The bignum pragma enables upgrading and downgrading, so any function or operand giving a non-integer result, returns a Math::BigFloat. This applies also when the operands are Math::BigInt objects. An example of this is $ perl -Mbignum -wle 'print 3 / 2' 1.5

There are probably sound arguments that support that behaviour, but I think @daniel-pfeiffer is complaining about the following behaviour:

>perl -Mbignum -le "print 7 >> 1;"
3.5

"7" is an integer, and so is 7 >> 1, so there's a reasonable expectation (IMO) that the result should be (BigInt) 3, not (BigFloat) 3.5.

EDIT: I'm running bignum-0.66 and Math-BigInt-1.999839 on perl-5.38.0.

Cheers, Rob

pjacklam commented 1 year ago

There are probably sound arguments that support that behaviour, but I think @daniel-pfeiffer is complaining about the following behaviour:

>perl -Mbignum -le "print 7 >> 1;"
3.5

"7" is an integer, and so is 7 >> 1, so there's a reasonable expectation (IMO) that the result should be (BigInt) 3, not (BigFloat) 3.5.

Ah, I see. The simple solution is to use bigint:

$ perl -Mbigint -le "print 7 >> 1;" 3

When using bignum, 7 >> 1 only returns 3.5 because bignum upgrades the operands from BigInts to BigFloats. So I guess the essential questions here are:

Should >> upgrade? Is >> an operator that is inherently limited to integers (i.e., like the binary |, &, ^, and unary ~)?

The >> operator simply calls brsft(). When brsft() was discussed some years ago, my impression was that the majority wanted brsft() to do integer right shift regardless of the class of the operands. So I modified brsft() accordingly. At that point 7 >> 1 returned 3, even when the operands were BigFloats. As a result, other people were furious, arguing that brsft() is essentially just a division by a power of 2, which is not at all limited to integers. So I changed it back. These changes to brsft() directly affected >>.

I see good arguments both for letting >> always treat its operands as integers, and for letting >> be a "true" division.

EDIT: I'm running bignum-0.66 and Math-BigInt-1.999839 on perl-5.38.0.

From (and including) Math-BigInt-1.999832, 7 >> 1 gives 3.5 with all version of bignum back to (and including) the ancient bignum-0.05.

daniel-pfeiffer commented 1 year ago

I stumbled across this when regenerating the pl website.
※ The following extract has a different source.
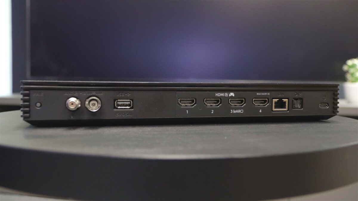 Modulul One Connect Box de față dispune de 3 porturi USB-A (2 pe laterala din dreapta + 1 pe spate), 4 porturi HDMI 2.1 cu suport pentru rezoluții și rate înalte de refresh (puse în tabelul cu specificații), 2 x intrare RF (cablu / antena / satelit), un port Ethernet, o ieșire digitală audio și un port USB-C (doar pentru alimentarea modulului).

For the examples with a ▶ play button (that pops up the output) I mostly just pluck the code from .pod and run it. Last time I generated the page months ago (not sure which bignum/BigInt/perl version Devuan had back then) this worked.

This weekend the 3rd example for Collatz was suddenly failing – with to_base refusing to format a float with a riddle message “the value to convert must be a finite, non-negative integer.” So I explored and found I can turn off upgrading (hours wasted…)

Now I find shifting floats an amusing edge case, I had never even considered. But shifting ints should never ever upgrade! That totally breaks the semantic of shifting, with bignum taking a nanny attitude of “what you really want is division.” Well no thank you, I have a / on my keyboard, if that were what I really want.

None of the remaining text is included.